Extracorporal photopheresis
Extracorporal photopheresis (ECP) is a way of delivering PUVA-like therapy to the skin, blood, and lymph nodes. As noted previously, PUVA therapy employs an oral medication called psoralen , which works by making the T-cells of MF more sensitive to ultraviolet light, in combination with UVA. ECP utilizes the same principles of treatment, but the UVA portion in ECP is directed at white blood cells, which are collected temporarily outside the body, instead of the skin (as with PUVA therapy). Your blood is extracted intravenously and mixed with a liquid form of psoralens , exposed to UVA light, and returned to your body intravenously again. It is extracted in increments and the whole process takes a few hours each day in a special nursing area. It is usually transfused over a two day period. You are not required to stay overnight in the hospital. The frequency of treatments is initially every 2-4 weeks, then less frequently as the skin improves.

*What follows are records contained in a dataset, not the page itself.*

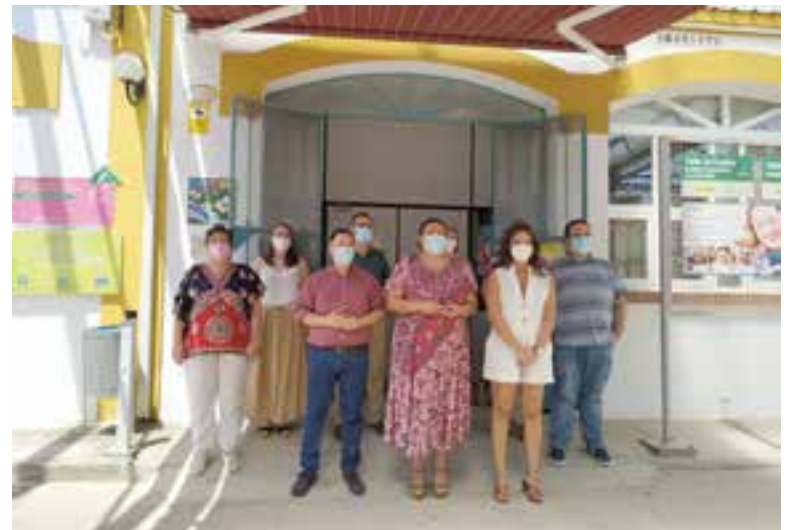
Amo informó a los alcaldes del Guadiato de las inversiones realizadas en la zona

firió, además, a la apuesta por las políticas sociales, "que se han seguido incrementando alcanzando los 68,95 millones de euros en 2021 y que se sitúan en más del doble de lo que se destinaba en 2015".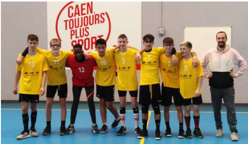
Moins de 17 garçons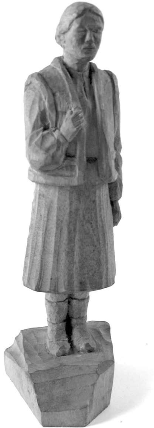
Іл. 2. М. Грєпіняк. Дівчина-гуцулка. 1956 р. Дерево липи. Об'ємне різьблення. Інв. № 14758. 4,5 x 15,5. Коломийський музей народного мистецтва Гуцульщини та Покуття (КМНМГП)

Цілковито зрозумілим є звернення М. Грєпіняка до тематичних зображень, оскільки повноту життя справді важко передати лише за допомогою геометризованих узорів, якими б досконалыми, світлими і пісєнними вони не були. В історії Гуцульської плоскої різьби лю-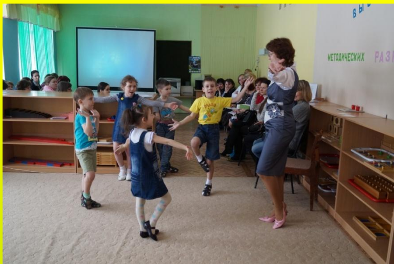
На занятиях учителя-дефектолога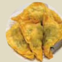
鮮蝦韭菜薄餅 PRAWN & CHIVE CAKE, CHIÊN GIÒN BÁNH TÔM VÀ TỎI TÂY TƯƠI-XL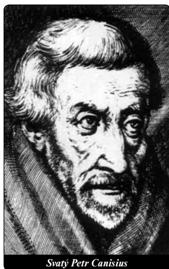
Svatý Petr Canisius

voj mezi křesťany v Korintu pro jejich hříšnost. Živý vztah k Bohu nás těší a osvobozuje od falešných idealizovaných představ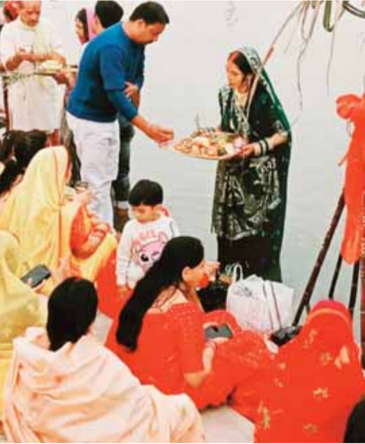
नहाय-खाय के साथ आरंभ हुआ था। इसके बाद पूरी पवित्रता के साथ अरवा चावल, चना दाल, कद्दू की सब्जी और आंवले की चटनी आदि का भोग लगाकर प्रसाद तैयार किया। रविवार को खरना पूजन के

छठ महापर्व के आखिरी दिन सूर्योदय के दौरान अर्घ्य देते समय मंत्र-ओम एहि सूर्य सहस्त्रांशो तेजोराशे जगत्पते, अनुकंपय माम भक्त्या गुहाणार्घ्यं दिवाकर का जाप किया गया। महापर्व छठ का चार दिवसीय अनुष्ठान शनिवार को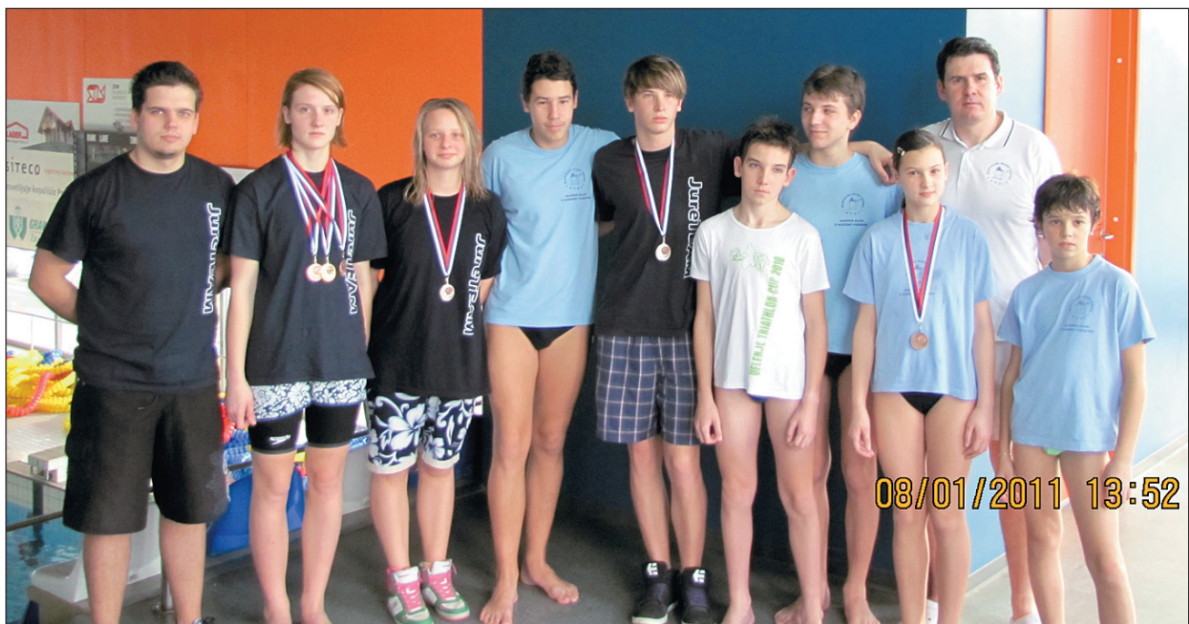
Trenerja in plavalci PK Terme Ptuj, ki so nastopili v Mariboru.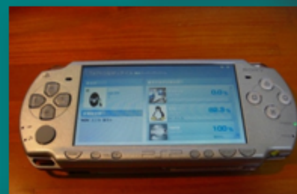
Tail Mobile on PSP

ユーザが飲み会や交流会に出かけて携帯端末(PSP)を開きテイルモバイルにアクセスすると、同じ場所に居る他のユーザとマッチングが行われます。画面上には自分が他のユーザとどのようなキーワード(テイル)でどの程度つながっているのが表示されます。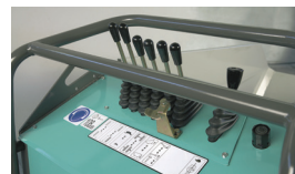
Console de commandes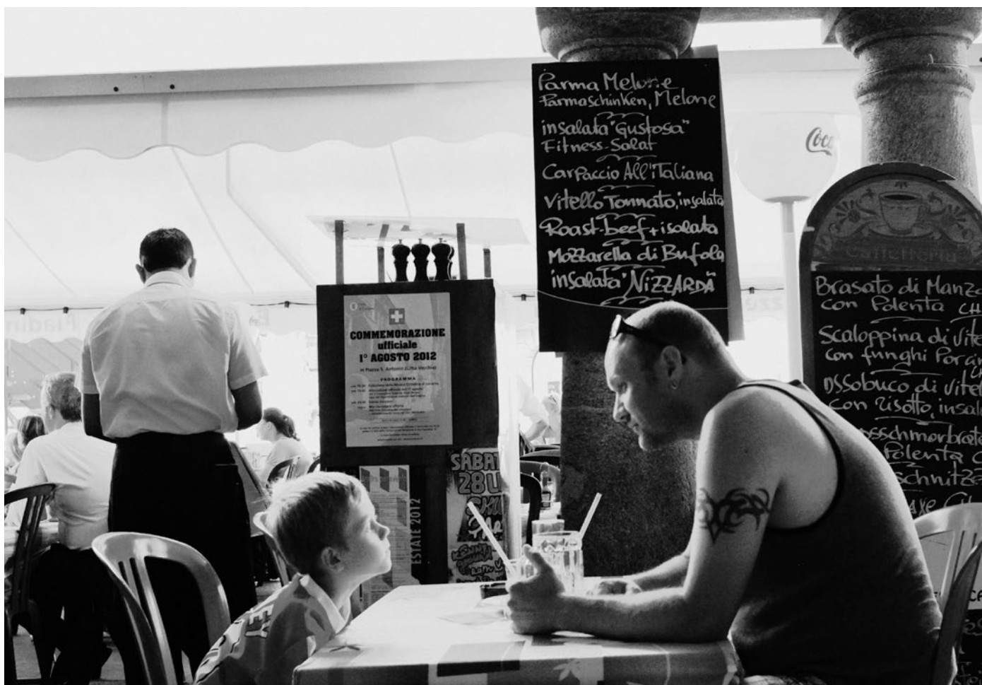
«Commemorazione Ufficiale 1° Agosto 2012, Locarno»

espresso dalla maggioranza dei votanti ticinesi, anche sui temi di politica migratoria, sembra avere contribuito in misura assai rilevante l'opposizione centro-periferia: con il dissenso fra chi, da un lato, vede il Ticino come periferia vulnerabile le cui particolari prerogative vanno tutelate da parte della Confederazione, anche verso la vicina Italia, e chi, dall'altro, chiede al Ticino di adottare un atteggiamento proattivo, di intraprendenza e di dinamismo nelle proprie relazioni con l'Italia in generale e con la Lombardia in particolare. Più il Ticino è percepito dai cittadini come una realtà dipendente e vulnerabile, maggiore è la probabilità che questi stessi cittadini si esprimano a favore di una politica d'immigrazione più restrittiva.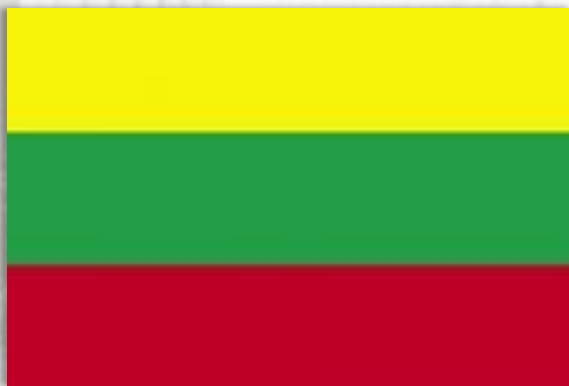
Литовская республика 1920 г.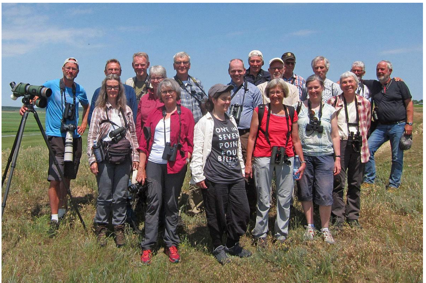
Gruppen, Urziceni, 170602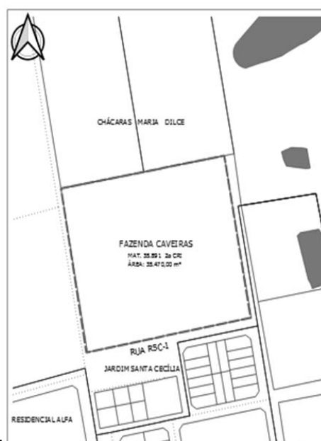
FIG. 01 - RECORTE DO SISTEMA DE INFORMAÇÕES GEOGRÁFICAS DE GOIÂNIA – SIGGO.

De acordo com as informações obtidas no Sistema de Informações Geográficas de Goiânia – SIGGO, figura 01, Fazenda Caveiras , neste Município, com área total de 35.470,00 m 2 , Matrícula nº 35.891 da 2ª CRI , Cadastro Imobiliário 420.137.025.8000 encontra-se situado na Macrozona Construída , por força da Lei Complementar nº 171 de 29/05/2007.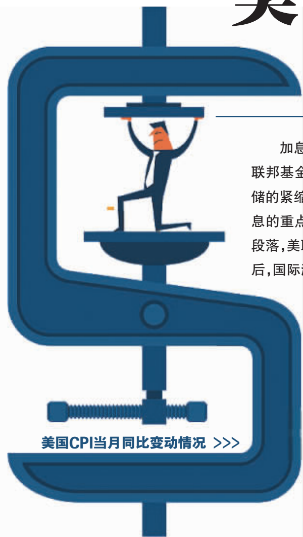
美国CPI当月同比变动情况 >>>

加息一年多后,美国通胀终于回落到了5%。而这个数字与目前4.75%-5%的联邦基金利率目标区间基本持平。这两个数字看似毫无关系,但在历史上,美联储的紧缩周期往往会一直加息到利率高于CPI为止。市场也预计,5月会是本轮加息的重点。不过,剔除能源和食品的核心通胀率依然强劲,银行业危机已暂告一段落,美联储暂难找到有力证据支撑停止加息的选择。此外,“欧佩克+”宣布减产,国际油价更具支撑,威胁通胀回落的前景。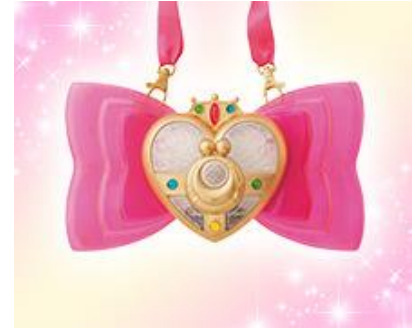
『ユニバーサル・ハート・コンパクト』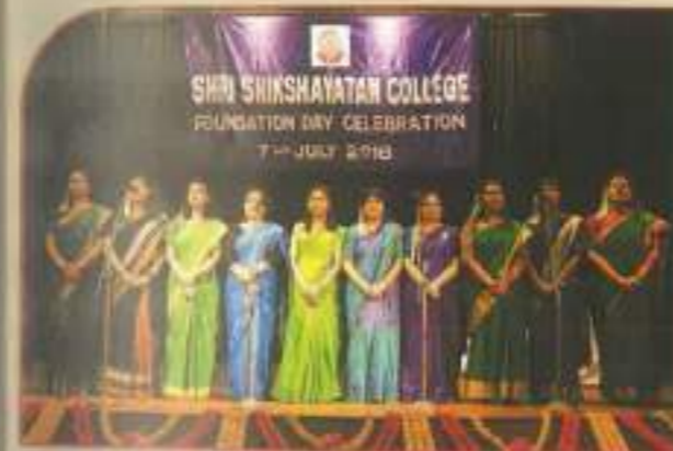
▲ Inaugural song by the students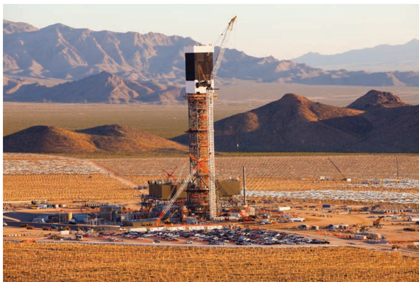
Gradnja solarnog tornja

ne energije proizvedene u SAD-u. Primjenjuje 173.500 heliostata (kompijutorski kontroliranih ogledala) koji prate sunčevu putanju i reflektiraju svjetlost na tri solar-na tornja s kotlovima punim vode. Kotlovi pregrijavaju vodu u super toplu paru na temperaturu do 550 °C koja zatim pokreće standardne turbine za stvaranje električne energije.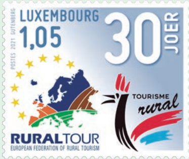
圖 88~圖 89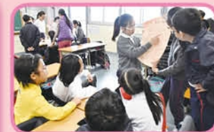
6A students introduce a festival to P4 students.

The enthusiasm, creativity and talents of all English students and teachers made this Fun Day a huge success.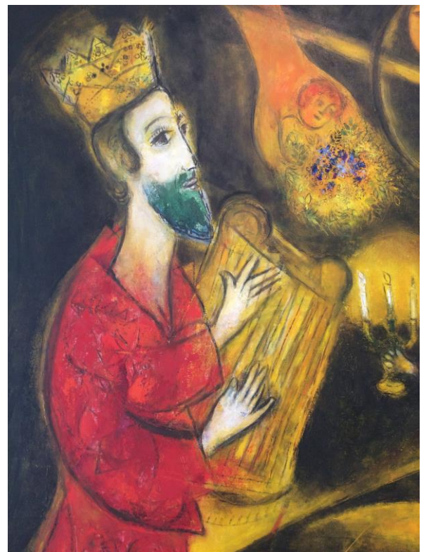
Marc Chagall, Le roi David, 1951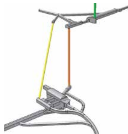
Trodimenzionalni prikaz šahta na prilazu kaverni strojarnica Alfafal II.

Nakon niza problema s osobljem na gradilištu, koje je negodovalo zbog radnih uvjeta, te brojnih poteškoća zbog geologije tla koja je bila znatno lošija od predviđene, u svibnju 2017. iz projekta se povukla zajednica izvođača CNM SpA . Na temelju odluke suda u Čileu investitor je zadržao jamstvo izvođača u iznosu od 76 milijuna dolara, iako su se izvođači žalili da moraju odustati od projekta zbog sigurnosti tijekom radova.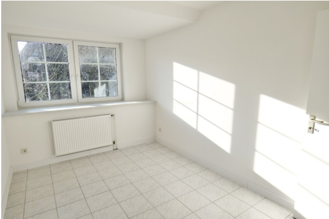
Zimmer 1 im OG

ECP is a first line therapy for treating erythroderma . It is not as effective in treating patches, plaques, or tumors.
Side effects are minimal. These include temporary low-grade fever and slight malaise.
Systemic chemotherapy agents
Systemic chemotherapy agents are usually reserved for MF that have failed skin-directed or systemic biologic therapies or have disease that extended to lymph nodes or other internal organs. Common agents include cyclophosphamide, adriamycin or Doxil, gemcitabine, methotrexate, and pentostatin. Chemotherapy may be given in as a single agent or multi-agent regimen. A detailed discussion of each agent is beyond the scope of this handout. The side effects can be significant. Close monitoring of laboratory studies and general medical condition is necessary.
What new developments are occurring in medical research of Mycosis Fungoides?
On-going research at major medical centers such as Stanford has led to the development of a variety of newer therapies. There are also other treatments in various stages of being approved by the Federal Drug Administration. These include antibodies directed specifically against markers specific to T-cells (anti-CD3 or anti-CD4), proteins, which affect the structure of DNA ( depsipeptide) or modify the immune response against cancer cells (CpG 7909), and the development of vaccines directed against tumor cells. Some antibodies to T-cells, such as anti-CD52 (Campath) have been approved for use in hematolymphoid cancers and may be used in resistant cases of MF.
In addition, combinations of approved individual treatments, such as oral Targretin and PUVA are being evaluated in clinical trials to assess effectiveness and safety when the treatments are used together.
Are there clinical trials in MF available at Stanford?
Yes, the Multidisciplinary Cutaneous Lymphoma Center is very active in all arenas of research for MF, including clinical trials.